Exercise directions — The expected output is the line with "Visión 360 hizo" plus all lines after it to the end of the material below, reproduced exactly, with pictures omitted and nothing else included.
Available data START
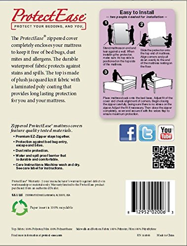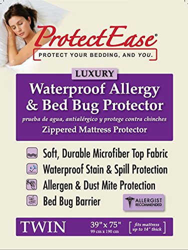 -. Brand : ProtectEase® -. Color : White -. Feature : Soft, Densely Woven Microfiber Top Fabric / Waterproof Stain & Spill Protection / Premium E-Z Zipper Stays Together / Allergen, Dust Mite & Bed Bug Protective Barrier / Allergist Recommended -. Label : Seam Seal International LLC -. Manufacturer : Seam Seal International LLC -. PackageQuantity : 1 -. ProductGroup : Home -. ProductTypeName : HOME_BED_AND_BATH -. Publisher : Seam Seal International LLC -. Studio : Seam Seal International LLC -. Title : ProtectEase® Luxury Waterproof, Allergy & Bed Bug Mattress Protector -. Warranty : 2-year manufacturer's warranty against defects in workmanship or materials only. Warranty limited to the ProtectEase product purchased from an authorized dealer.
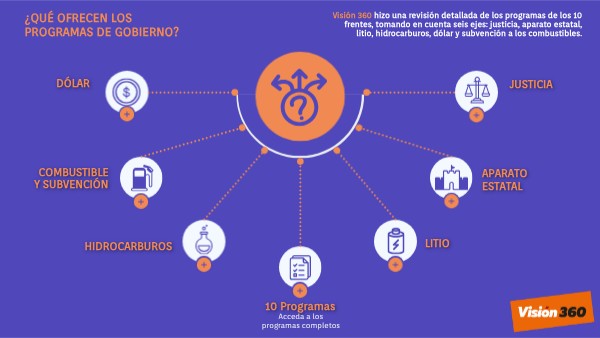 Visión 360 hizo una revisión detallada de los programas de los 10 frentes, tomando en cuenta seis ejes: justicia, aparato estatal, litio, hidrocarburos, dólar y subvención a los combustibles.
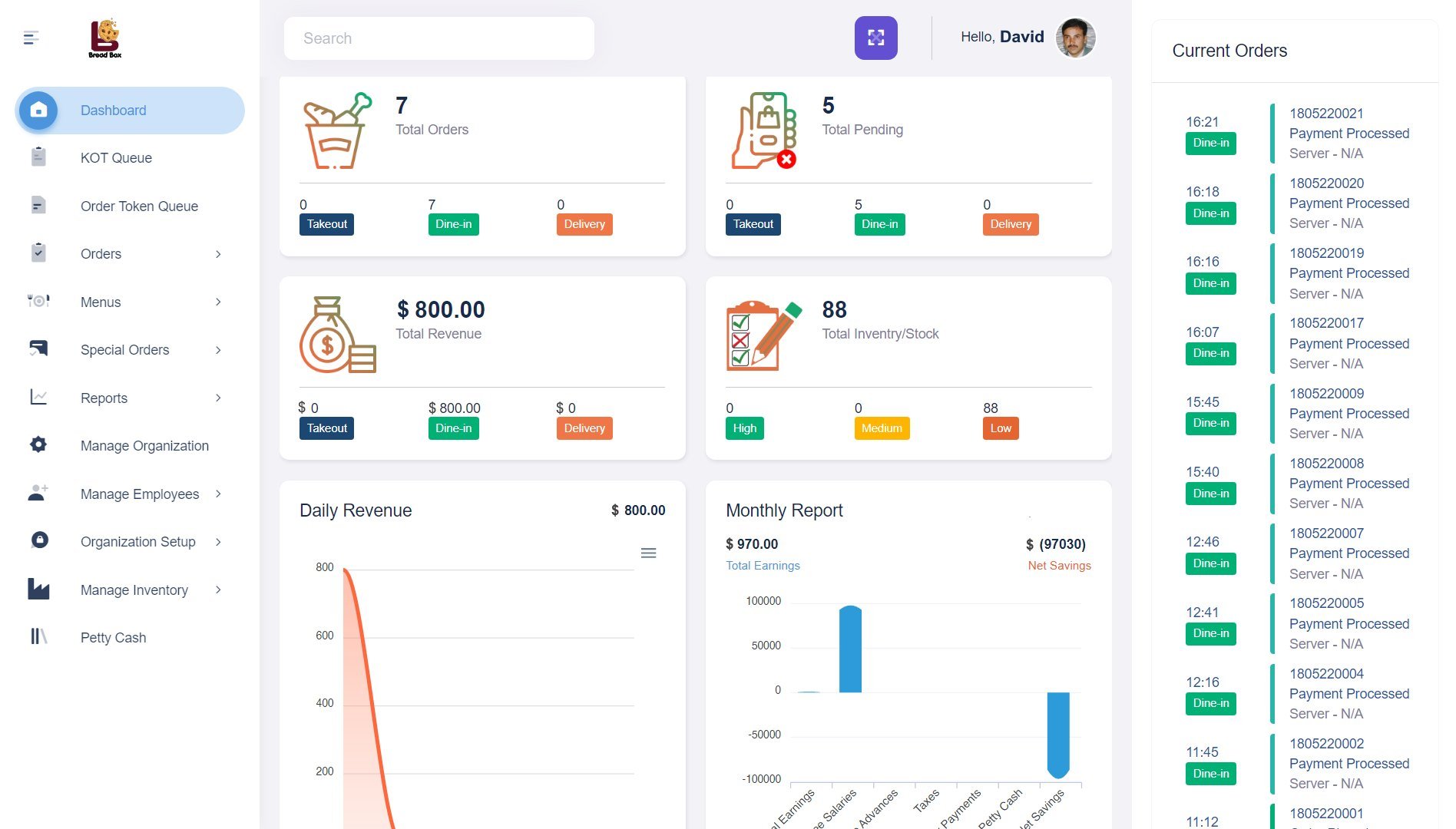 - Online Ordering Integration: Supports in-house, pickup, and delivery orders, expanding sales channels and improving customer convenience.
Available data END
Problem solution —
 Visión 360 hizo una revisión detallada de los programas de los 10 frentes, tomando en cuenta seis ejes: justicia, aparato estatal, litio, hidrocarburos, dólar y subvención a los combustibles.
 - Online Ordering Integration: Supports in-house, pickup, and delivery orders, expanding sales channels and improving customer convenience.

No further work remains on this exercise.